また、上記構成のカップリング1においては併せて、アウタースリーブ3における内向きフランジ部3bの内周縁部に切欠状の凹部5が設けられるとともにこの凹部5に対応してインナースリーブ2における筒状部2aの軸方向他方の端部に舌片状の凸部6が設けられ、これら凹部5および凸部6が円周方向に係合することにより両スリーブ2,3の相対回転角度を所定角度までに制限するストッパー部7が形成されている。したがって当該カップリング1に対し回転方向に過大な荷重が入力すると、このストッパー部7が作動して両スリーブ2,3の相対回転角度が所定角度までに制限されることになり、よってゴム状弾性体4が過大変形するのを抑制することが可能とされている。したがってゴム状弾性体4が過大変形して破損するのを未然に防止することができる。
尚、この凹部5および凸部6の組み合わせについて、上記実施例では、アウタースリーブ3に凹部5を設けるとともにインナースリーブ2に凸部6を設けることにしたが、反対にインナースリーブ2に凹部5を設けるとともにアウタースリーブ3に凸部6を設けるようにしても良く、この場合には、インナースリーブ2における外向きフランジ部2bの外周縁部に切欠状の凹部5が設けられるとともにこの凹部5に対応してアウタースリーブ3における円筒部3aの軸方向一方の端部に舌片状の凸部6が設けられる。凸部6は径方向内方へ向け突出して凹部5に係合することになる。
また、凸部6は、両スリーブ2,3の何れに設けられる場合であっても、スリーブ2,3がプレス加工によって成形されるので、当該カップリング1の製造過程において図3および図4に示すように、当初この凸部6を軸方向ストレートな舌片状のものとして形成し、適宜のタイミングで曲げ加工することにより径方向へ向け突出する舌片とするのが望ましい。曲げ加工のタイミングとしては、以下のように設定することが考えられる。
当該カップリング1を製造する際には、上記したように両スリーブ2,3に対しゴム状弾性体4を一体成形する工程(一体成形工程)を実施するが、この一体成形工程を終えた後に曲げ加工を実施する。このようにすれば、対応する凹部5が広く開口した状態で一体成形工程が実施されるために、金型構造を簡易化することができ、またゴム状弾性体4が凸部6に付着するのを防止することができる。

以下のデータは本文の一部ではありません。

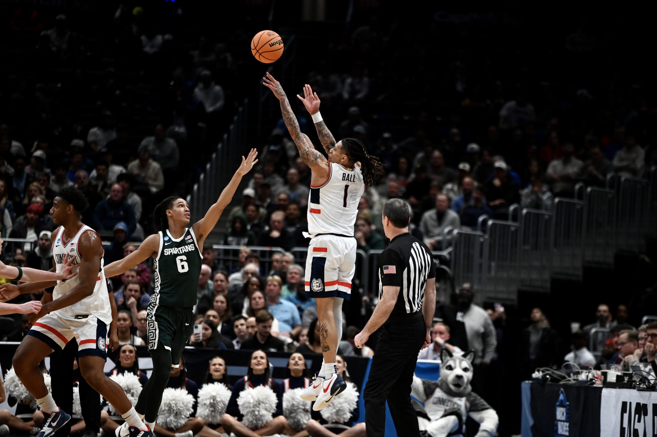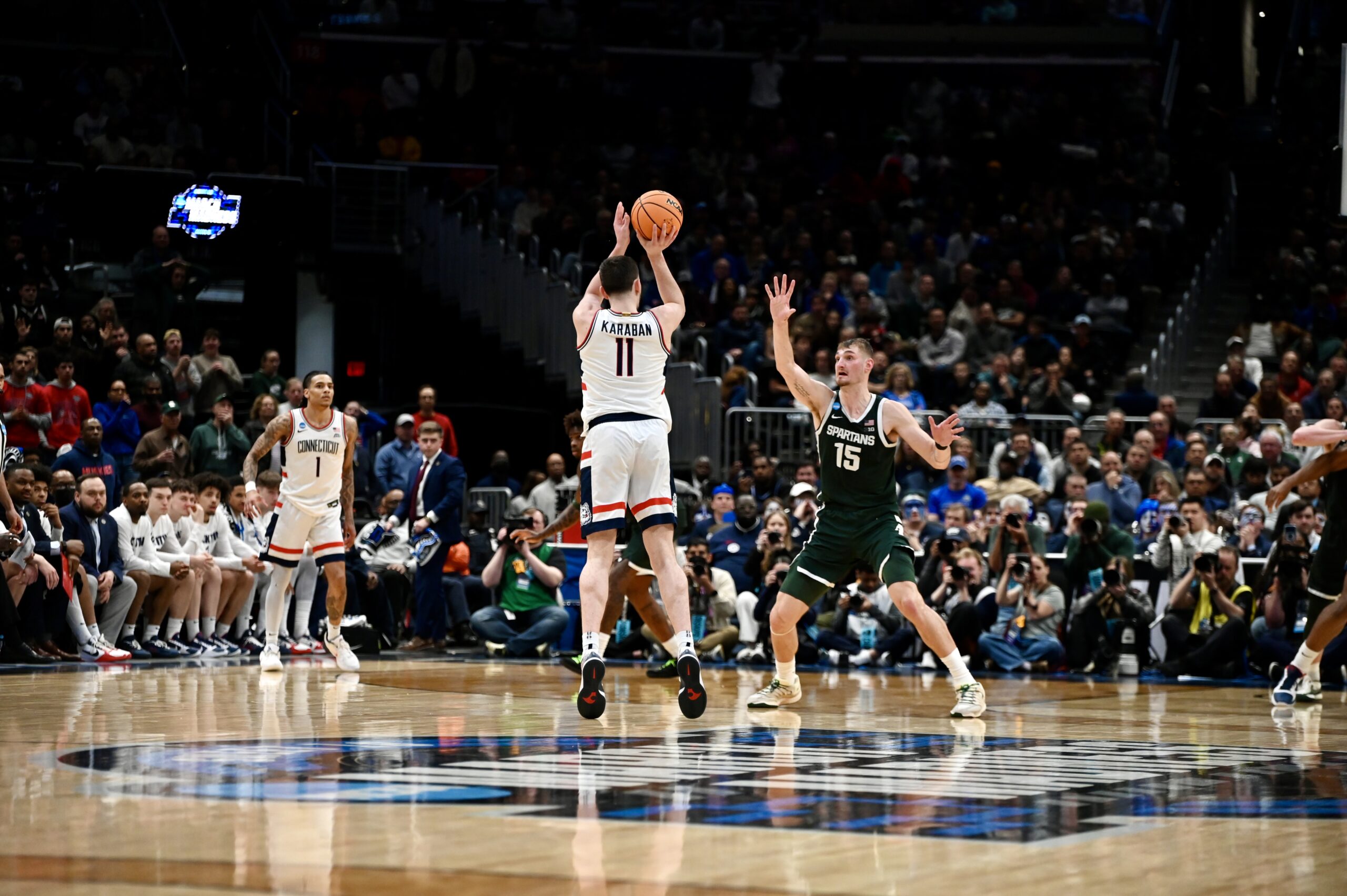 Alex Karaban shoots a three from the logo that falls.
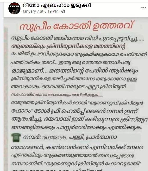 “ഇത്തരം അക്രമങ്ങൾ ശ്രദ്ധയിൽ വന്നാൽ 18002084545 എന്ന യുണൈറ്റഡ് ക്രിസ്ത്യൻ ഫോറത്തിന്റെ ഹെൽപ്പ്ലൈൻ നമ്പറിൽ ബന്ധപ്പെടണം,” എന്ന് ആവശ്യപ്പെട്ടു കൊണ്ടാണ് ഈ പോസ്റ്റ് വൈറലാവുന്നത്.
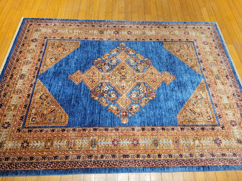 • Production: A 9'x12' rug could be completed in 12–14 months, the same time it takes to produce a 9'x12' Persian however with a Chobi, over 70% of the labor done on these rugs happens before the rug actually reaches the loom, from spinning the wool by drop spindle to hand-gathering and producing the seasonal natural dyes.
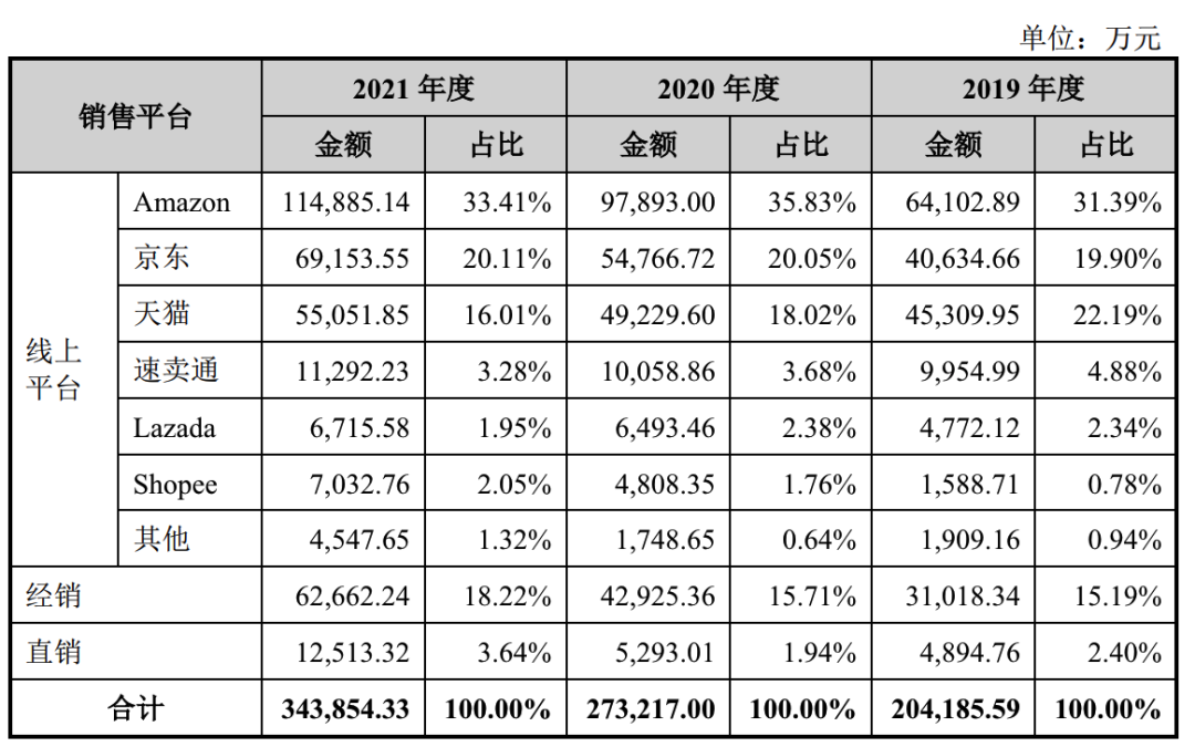 事实上,即使到今天,亚马逊都是绿联的主要销售渠道之一。招股书显示,2019年-2021年,绿联来自亚马云的营收金额分别为6.41亿元、9.78亿元和11.49亿元,占营收的比重分别为31.39%、35.83%和33.41%。
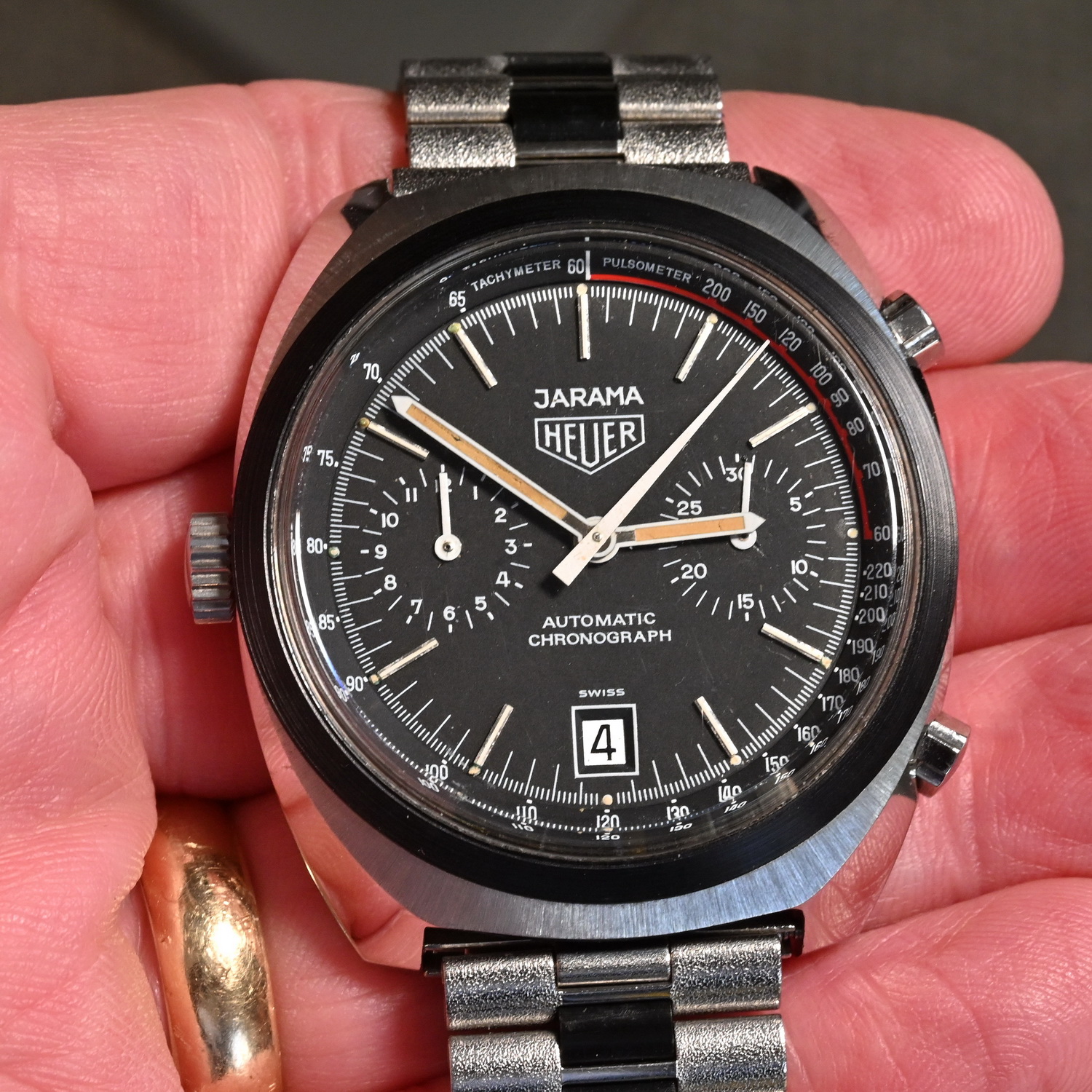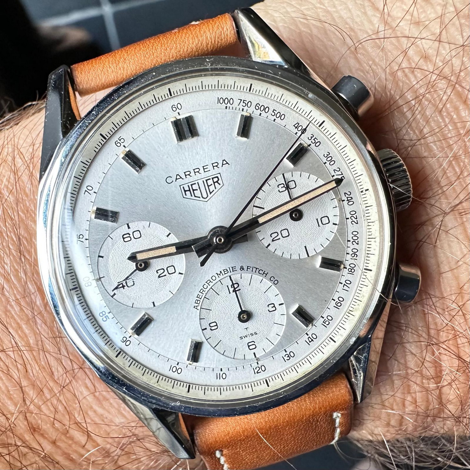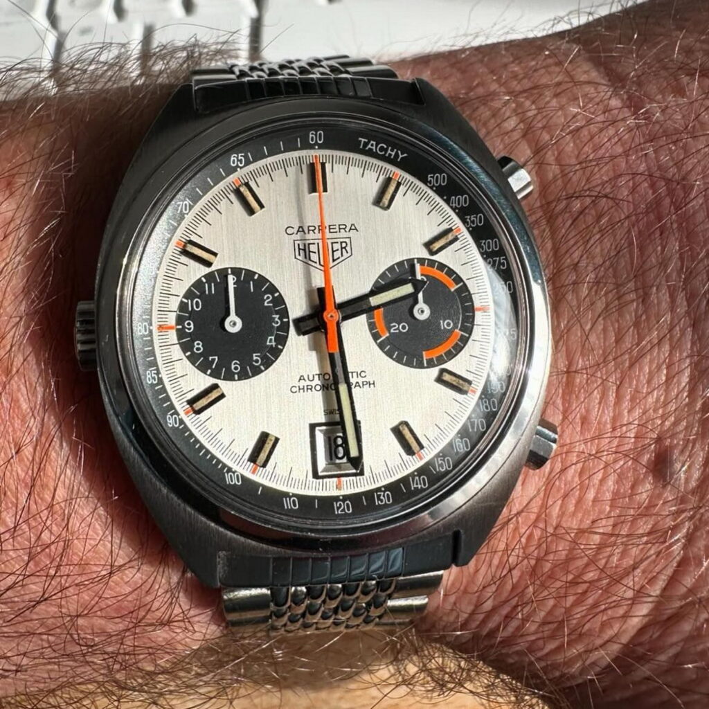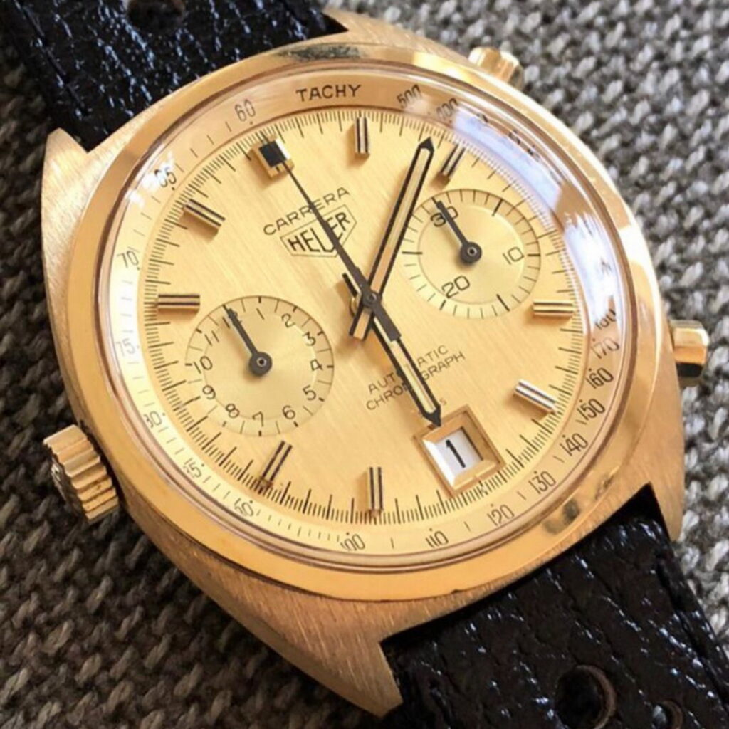 51. Carrera, reference 1158 CH, second execution (1972) — The “CH” tells us that this one has a champagne dial; second execution means that it has numerals 1-through-12 on hour recorder; as worn by Mario Andretti.
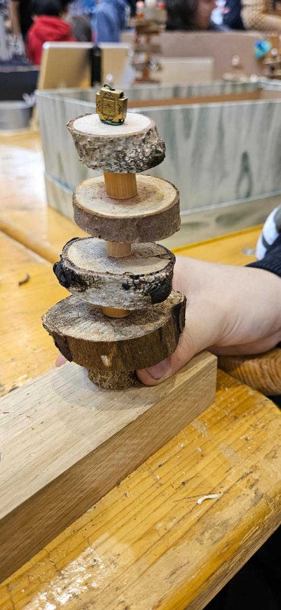 • Wer handwerklich aktiv werden wollte, konnte einen Teelichthalter aus einer Baumscheibe anfertigen.
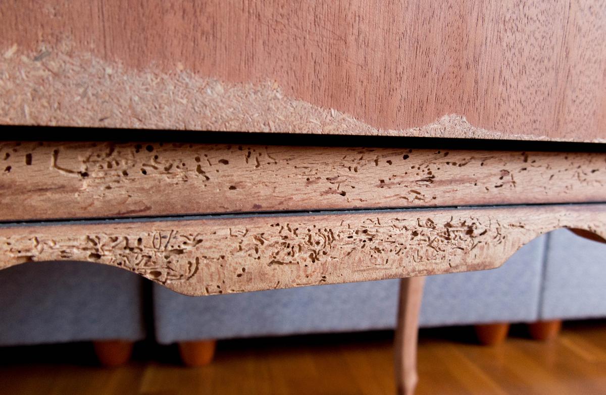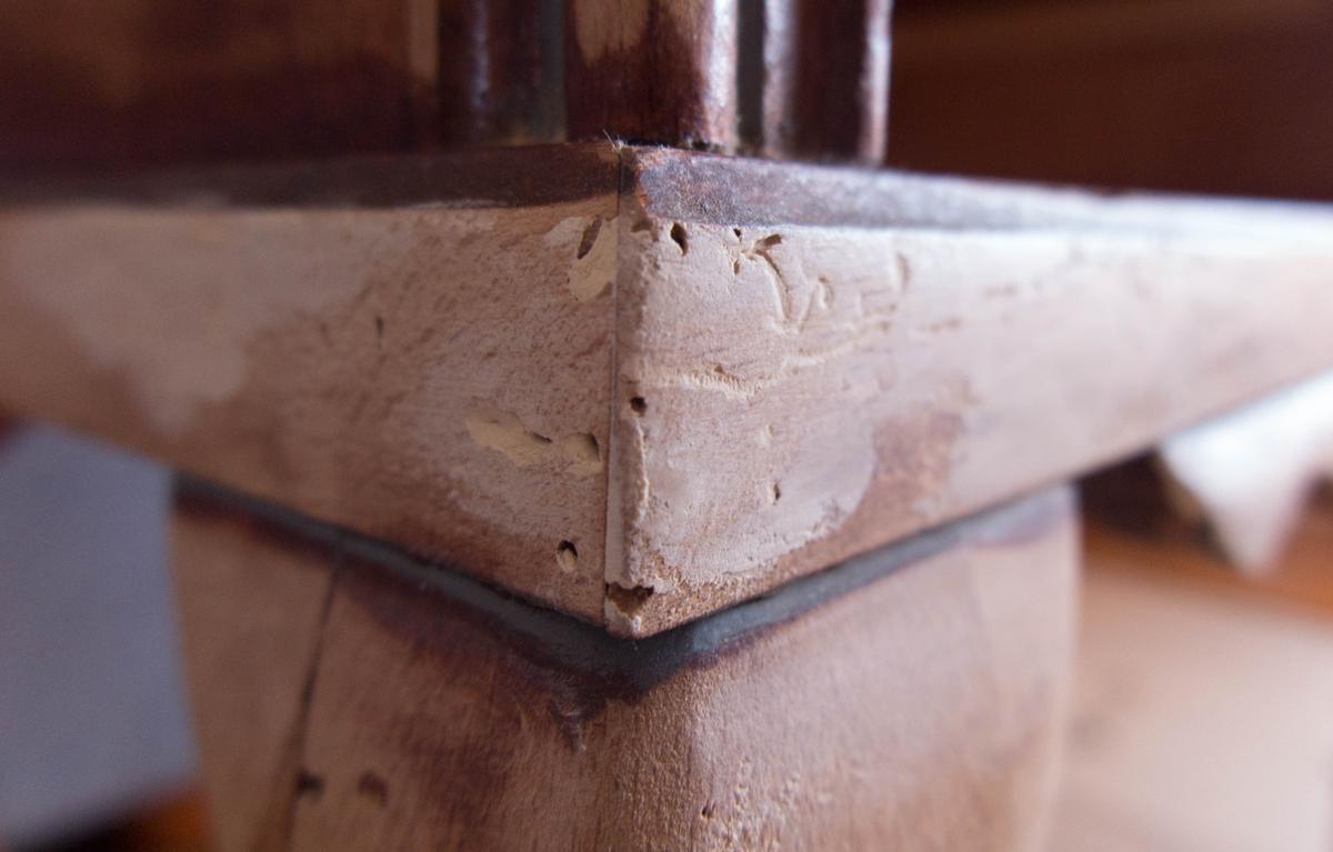 Una vez tenemos el mueble limpio de pintura debemos tratar los efectos de la carcoma con un producto específico. El método consiste en introducir el líquido por todos los agujeros provocados por este molesto insecto mediante una jeringuilla. Es muy importante no dejar ningún orificio sin introducir el producto por lo que recomiendo aplicar el tratamiento varias veces (mínimo dos) y cubrir el mueble con un plástico durante aproximadamente una semana para que tenga mayor efectividad.
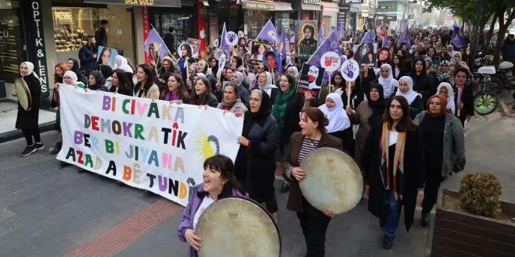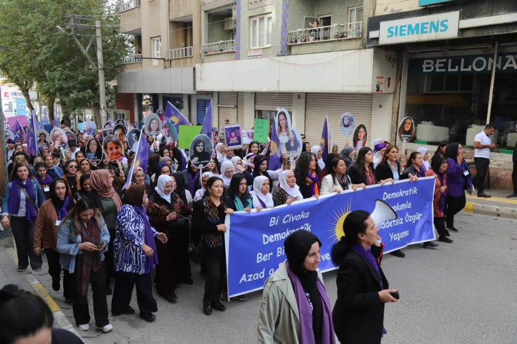Cumhuriyet Caddesi’nde basın açıklaması yapan kadınlar, ardından sloganlarla DEM Parti il binasına kadar yürüyüş gerçekleştirip etkinliği sonlandırdı.
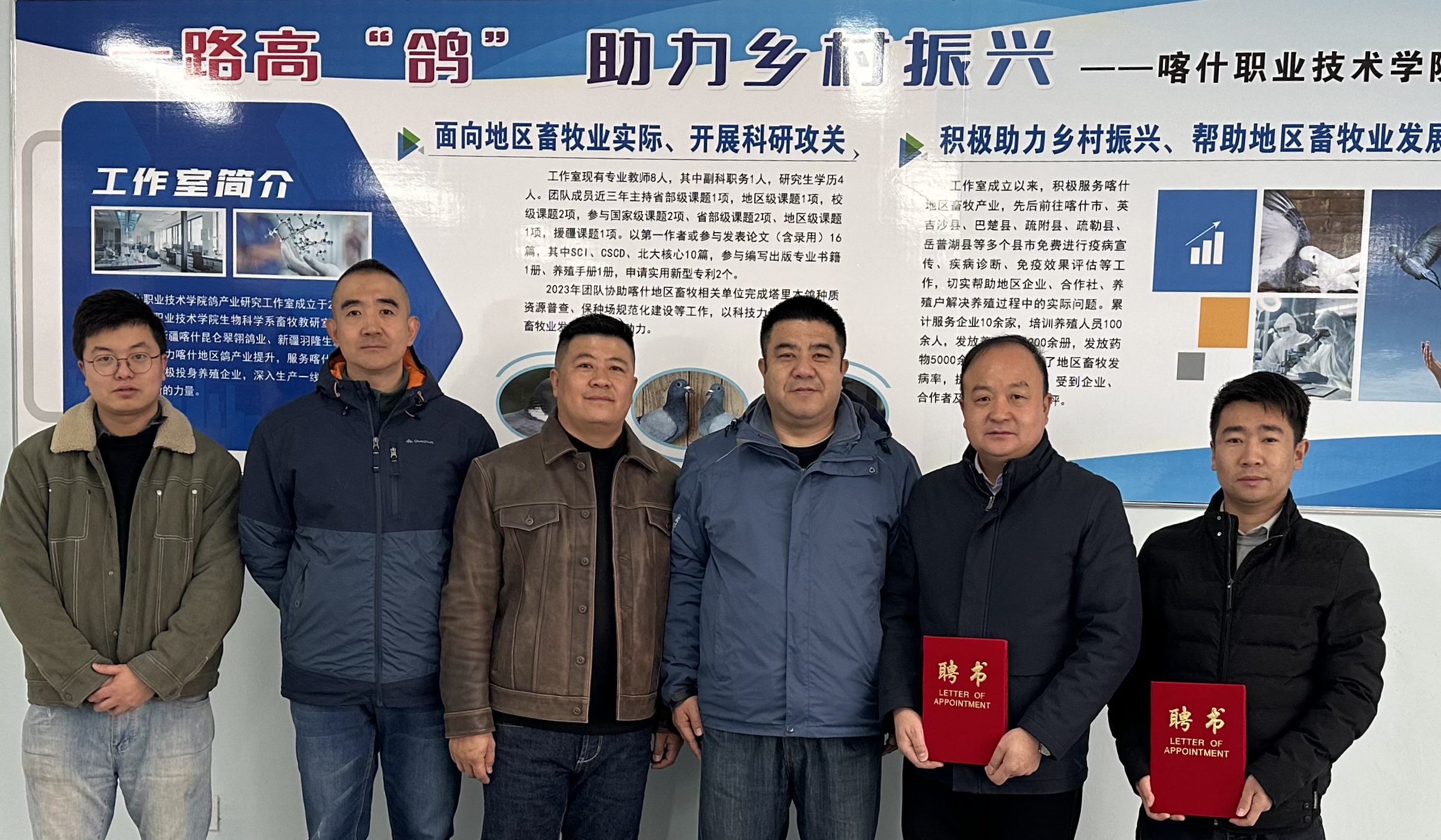 2024年1月3日,疏附县科学技术局党组副书记、局长童晓军、疏附县科学技术局项目办主任孙伟伟赴学院调研指导科研平台建设及成果转化、社会服务情况,实地考察院级科研平台-塔里木鸽研究工作室中心,听取学院在科学研究、成果转化及主动服务喀什地方经济、社会发展中的情况汇报。新疆喀什昆仑翠翎鸽业有限责任公司负责人王泽武全程参与指导。

また、カップリング1を実機に装着する際には、上記したようにアウタースリーブ3の外周側にギヤ部材やプーリ部材などの外周側駆動伝達部材11を嵌合するが、この嵌合作業と同時に曲げ加工を実施する。このようにすれば、嵌合作業のために準備する加重付加設備(圧入設備など)を曲げ加工用として共用することが可能となるため、曲げ加工を単独で実施する手間を省略することができる。
1 カップリング
2 インナースリーブ
2a 筒状部
2b 外向きフランジ部
3 アウタースリーブ
3a 円筒部
3b 内向きフランジ部
4 ゴム状弾性体
4a,4b すぐり部
5 凹部
6 凸部
7 ストッパー部
11 外周側駆動伝達部材
21 内周側駆動伝達部材
,c 径方向間隙

Claims (4)

  1. インナースリーブおよびアウタースリーブ間にゴム状弾性体を介装してなる防振カップリングにおいて、
    前記インナースリーブは、筒状部の軸方向一方の端部に径方向外方へ向けて外向きフランジ部を一体に有し、前記アウタースリーブは、前記筒状部の外周側に配置される円筒部の軸方向他方の端部に径方向内方へ向けて内向きフランジ部を一体に有し、前記ゴム状弾性体は、前記両フランジ部によって軸方向に圧縮されて前記両スリーブの軸方向相対変位を抑制可能とされ、
    前記両スリーブのうちの一方のスリーブにおけるフランジ部に切欠状の凹部が設けられ、前記凹部に対応して他方のスリーブに舌片状の凸部が設けられ、前記凹部および凸部は、円周方向に係合することにより前記両スリーブの相対回転角度を所定角度までに制限するストッパー部を形成していることを特徴とする防振カップリング。
  2. 請求項1記載の防振カップリングにおいて、
    前記アウタースリーブの外周側に駆動伝達部材としてギヤ部材が嵌合されることにより、当該防振カップリングはギヤダンパとされることを特徴とする防振カップリング。
  3. 請求項1または2記載の防振カップリングを製造する方法において、
    予め前記凹部および凸部を形成した前記両スリーブに対し前記ゴム状弾性体を一体成形する工程を実施し、
    予め形成した前記凸部は何れかの前記スリーブの筒状部または円筒部の軸方向端部から軸方向一方へストレートに延びる舌片状のものとしてこれを形成しておき、
    前記一体成形工程の終了後に曲げ加工を実施し、この曲げ加工により前記凸部を折り曲げて前記凹部に係合することを特徴とする防振カップリングの製造方法。
  4. 請求項3記載の防振カップリングの製造方法において、
    前記曲げ加工を、前記アウタースリーブの外周側に駆動伝達部材を嵌合するのと同時に実施することを特徴とする防振カップリングの製造方法。